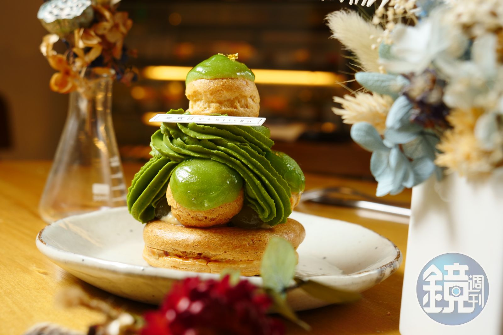 想嘗工藝級法式甜點,最推法式甜點「聖多諾黑」造型的「抹茶珍珠半糖去冰」,靜岡西尾有機抹茶鮮奶油擠得高高,面對泡芙塔,就要果敢、毫不猶豫地把抹茶泡芙蘸滿鮮奶油,入口才療癒,底座大泡芙裡還有綠茶珍珠,風味更有層次。
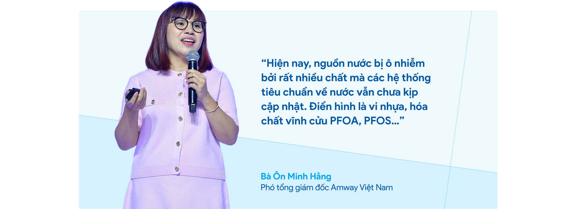 Sau buổi vinh danh, bà Ôn Minh Hằng, Phó tổng giám đốc Amway Việt Nam chia sẻ về những dấu mốc trong 40 năm nghiên cứu phát triển New eSpring và vai trò của những công nghệ lọc nước mới trong việc chăm sóc sức khỏe cho người Việt.
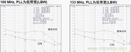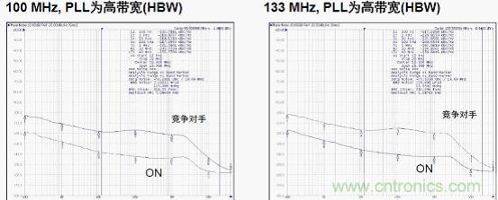 另外,多個PLL分層布置時,用戶可調(diào)節(jié)帶寬對時鐘樹進(jìn)行系統(tǒng)優(yōu)化。使用HBW(高帶寬)擴(kuò)頻時鐘時用于維持?jǐn)U頻特性,從而將輸入與輸出相位差減至最小;使用LBW (低帶寬)可濾除PLL帶寬內(nèi)的時鐘輸入抖動。
###
* Directions for this task *
Where pictures sit among the data above, omit them, and output the rest exactly.

* Result for this exercise *
 想嘗工藝級法式甜點,最推法式甜點「聖多諾黑」造型的「抹茶珍珠半糖去冰」,靜岡西尾有機抹茶鮮奶油擠得高高,面對泡芙塔,就要果敢、毫不猶豫地把抹茶泡芙蘸滿鮮奶油,入口才療癒,底座大泡芙裡還有綠茶珍珠,風味更有層次。
 Sau buổi vinh danh, bà Ôn Minh Hằng, Phó tổng giám đốc Amway Việt Nam chia sẻ về những dấu mốc trong 40 năm nghiên cứu phát triển New eSpring và vai trò của những công nghệ lọc nước mới trong việc chăm sóc sức khỏe cho người Việt.
 另外,多個PLL分層布置時,用戶可調(diào)節(jié)帶寬對時鐘樹進(jìn)行系統(tǒng)優(yōu)化。使用HBW(高帶寬)擴(kuò)頻時鐘時用于維持?jǐn)U頻特性,從而將輸入與輸出相位差減至最小;使用LBW (低帶寬)可濾除PLL帶寬內(nèi)的時鐘輸入抖動。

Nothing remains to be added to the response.